Clara Margaret Codd (10 October 1876 – 3 April 1971) was a British writer, suffragette, socialist feminist, and theosophist. She went to jail for the suffragettes and then devoted her life to the Theosophical Society.

Life
 
Codd was born in Bishops Tawton at Pill House in 1876. She was the first child of Henry Frederick Codd and Clara Virginia (née Botto) Codd. She had nine siblings and she was taught at home by a fair number of governesses. At the age of fifteen she became an atheist. After her father's death the family moved to Geneva where Codd herself worked as a governess, a costume model and she travelled to play the violin and piano. She was converted to Theosophy after hearing the first President of the Theosophical Society, Henry Steel Olcott, give a talk in Geneva.

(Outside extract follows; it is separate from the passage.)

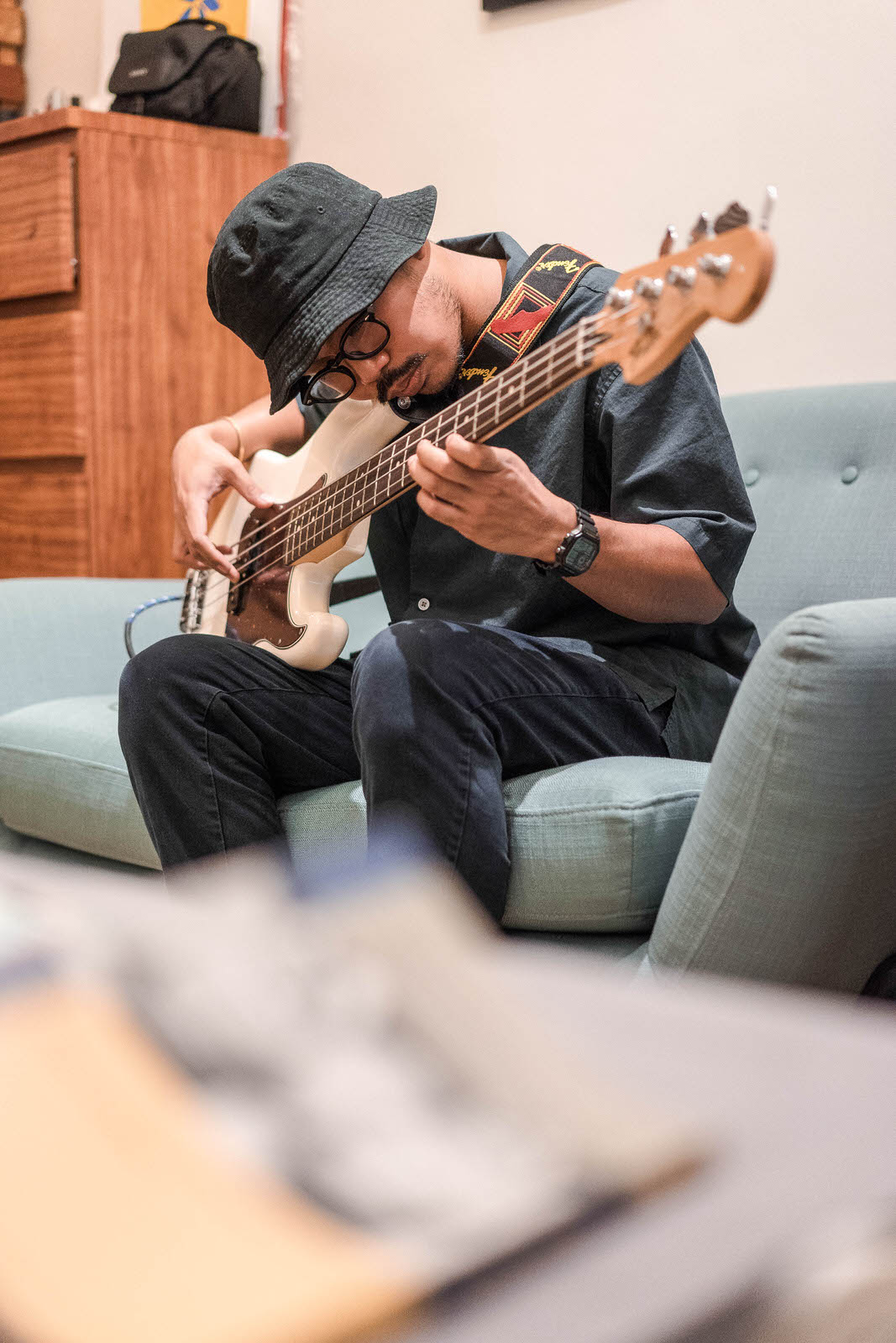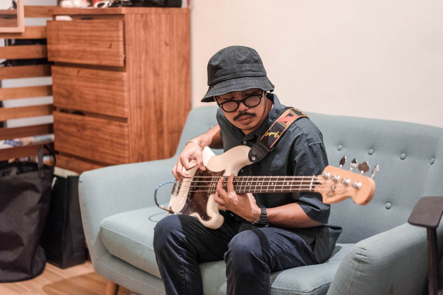 I have a more straightforward setup live that I do when I record because I’m not comfortable playing with live instruments on stage yet. I tried playing my first solo EP, Tommy Gun, with live drums in Malasimbo 2017 and it was fine. I wasn’t happy with that set, so I still have to work on that particular setup. I’m usually alone at home when I’m recording, so I’m not discouraged when I use my instruments there.

In 1903 she was in the UK when she joined the Theosophical Society and in 1907 she also joined the militant Women's Social and Political Union. Aeta Lamb asked her to help organise a visit by Christabel Pankhurst and Annie Kenney and the following year she was the elected secretary of the WSPU branch in Bath. Nearby was the home of Mary Blathwayt who was another suffragette. Her parents lived at Eagle House in Batheaston. Nearly all the prominent British suffragettes visited the house and Codd would stay over and sleep with Annie Kenney.

Codd was arrested on 13 October 1908 outside the House of Commons after Emmeline Pankhurst Christabel Pankhurst and Flora Drummond had been arrested for organising "the rush" on parliament. It was the day that parliament was debating the "Women's Enfranchisement Bill". 60,000 people attended the event and she was one of the 37 people arrested. She was sentenced to a month in prison. Christabel Pankhurst was keen to find her a job but Codd refused the offer. In 1909 she planted a tree at Eagle House. She appeared to then drift away from the group.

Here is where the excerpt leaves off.